Application of thiazole dyes to amyloid under conditions of direct cotton dyeing: correlation of histochemical and chemical data.


The fluorescent brightening agent Phorwhite (Blankophor) BBU imparts intense selective fluorescence to amyloid, but this modern reagent is no longer readily available on the biological dye market. Conventional Thioflavine S and T stains require differentiation and are not specific. To improve selectivity, direct and cationic thiazole dyes were substituted in the alkaline Congo Red and the Phorwhite BBU procedure. With the former technic Diphenyl Brilliant Yellow 8G, Clayton Yellow, Thiazol Yellow, Thioflavine T and Seto Flavine T imparted strong to intense selective fluorescence to amyloid. Under the conditions of the Phorwhite BBU reaction these dyes were suitable only for formalin-fixed amyloid.
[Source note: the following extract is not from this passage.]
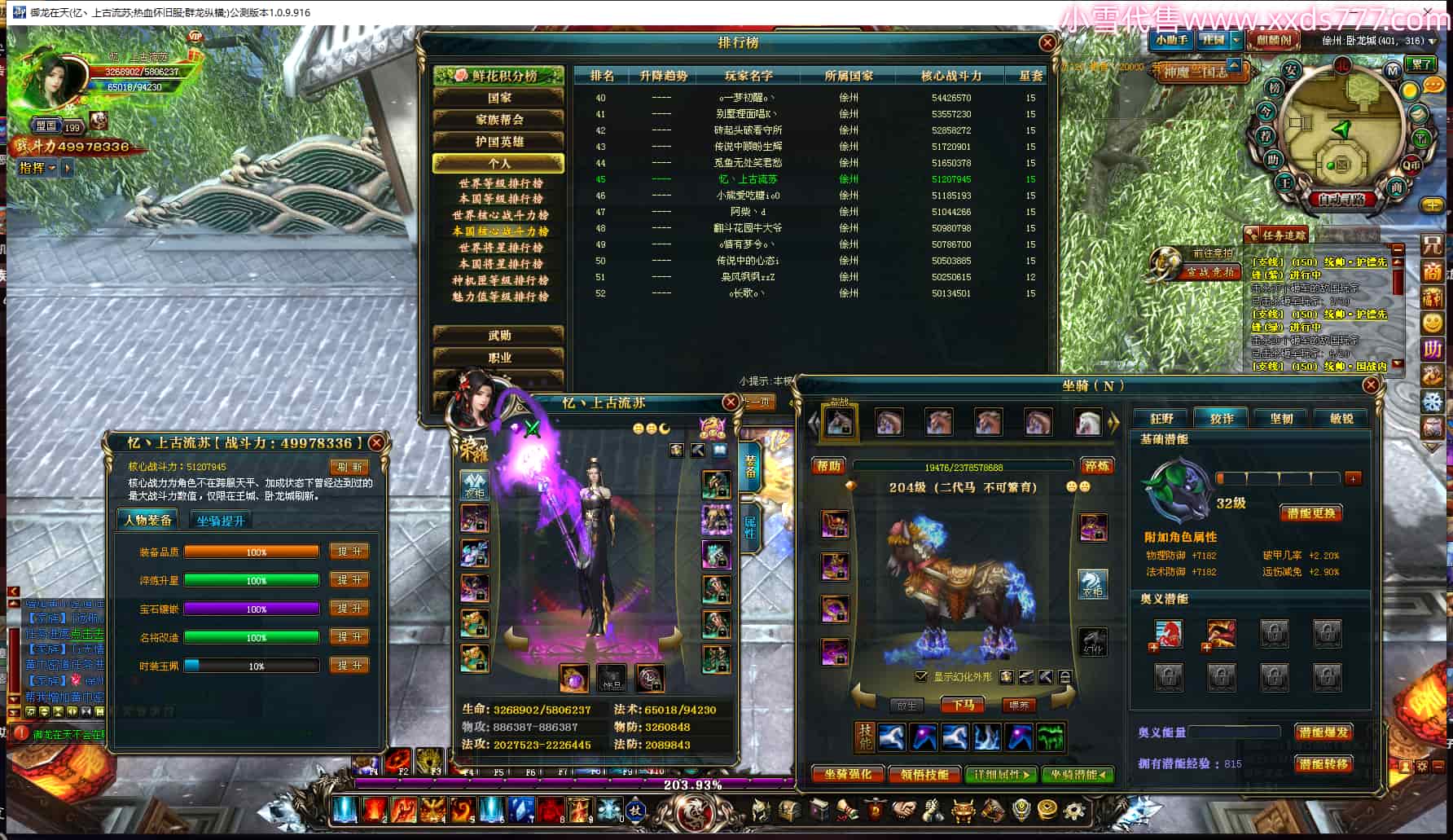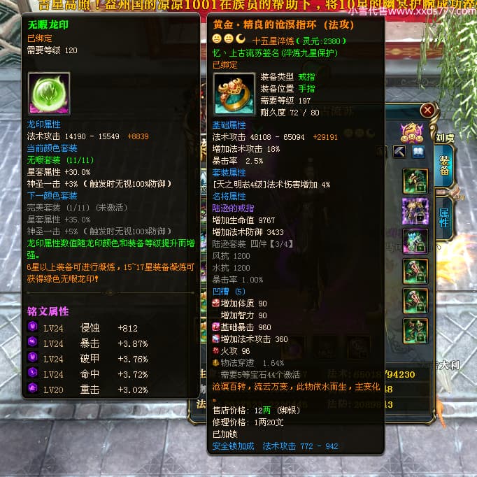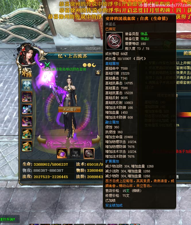 编号Q24183 忆丶上古流苏 群龙纵横 徐州 世界排名79名 5953W战力 人物黄金精良橙15X(1件18X6件混沌) 马黄金普通橙12X 人物绿龙印(1件紫龙印) 马黄龙印 六等单双属性石头 已开完永久15星套 可以转移百分百安全

Several thiazole dyes did not fluoresce. Fluorescence is a function of the molecular orbital system, the thiazole rings per se cannot induce fluorescence. Paper chromatograms indicated two or more fractions in the dyes studied. Different samples of the same dye can vary significantly in their staining and fluorescence properties. This heterogeneity is inherent in the mode of synthesis. In some cases the cationic thiazole dyes rendered certain amyloid deposits, e.g. in vessel walls, intensely fluorescent; other amyloid deposits in the same sections showed only weak fluorescence. Further studies are required to correlate these peculiar patterns with immunological data on amyloid types.